The response should repeat word for word every line below from the one with "バトンを持ってにこにこ笑顔で" to the one with "Where did I", inclusive, and nothing else; leave pictures out.

__Input__:
··········

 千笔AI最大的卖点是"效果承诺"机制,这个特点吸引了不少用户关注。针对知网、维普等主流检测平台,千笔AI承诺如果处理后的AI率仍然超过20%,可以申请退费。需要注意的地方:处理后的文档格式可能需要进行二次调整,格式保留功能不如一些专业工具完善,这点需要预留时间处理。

··········

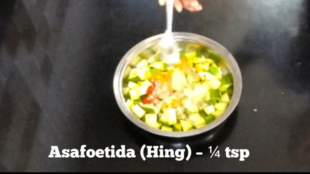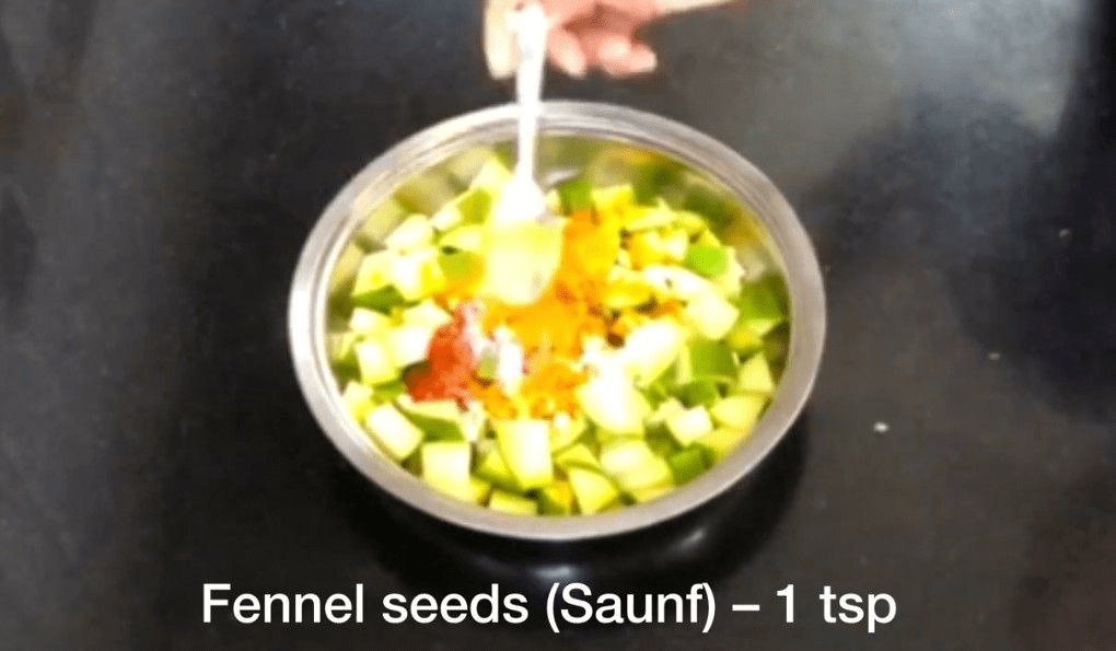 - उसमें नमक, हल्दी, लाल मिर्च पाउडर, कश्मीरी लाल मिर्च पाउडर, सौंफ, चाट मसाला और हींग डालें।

··········

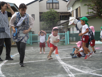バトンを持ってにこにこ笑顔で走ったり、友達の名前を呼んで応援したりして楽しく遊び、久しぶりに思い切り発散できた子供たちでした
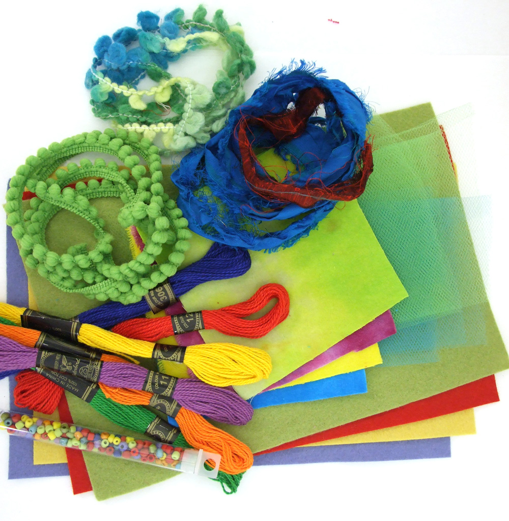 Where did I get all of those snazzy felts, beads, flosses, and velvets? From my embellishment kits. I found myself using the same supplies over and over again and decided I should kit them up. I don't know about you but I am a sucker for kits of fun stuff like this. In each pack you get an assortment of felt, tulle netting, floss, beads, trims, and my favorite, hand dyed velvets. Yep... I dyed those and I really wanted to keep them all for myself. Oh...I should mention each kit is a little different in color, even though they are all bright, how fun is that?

··········

__Answer__:
バトンを持ってにこにこ笑顔で走ったり、友達の名前を呼んで応援したりして楽しく遊び、久しぶりに思い切り発散できた子供たちでした
 Where did I get all of those snazzy felts, beads, flosses, and velvets? From my embellishment kits. I found myself using the same supplies over and over again and decided I should kit them up. I don't know about you but I am a sucker for kits of fun stuff like this. In each pack you get an assortment of felt, tulle netting, floss, beads, trims, and my favorite, hand dyed velvets. Yep... I dyed those and I really wanted to keep them all for myself. Oh...I should mention each kit is a little different in color, even though they are all bright, how fun is that?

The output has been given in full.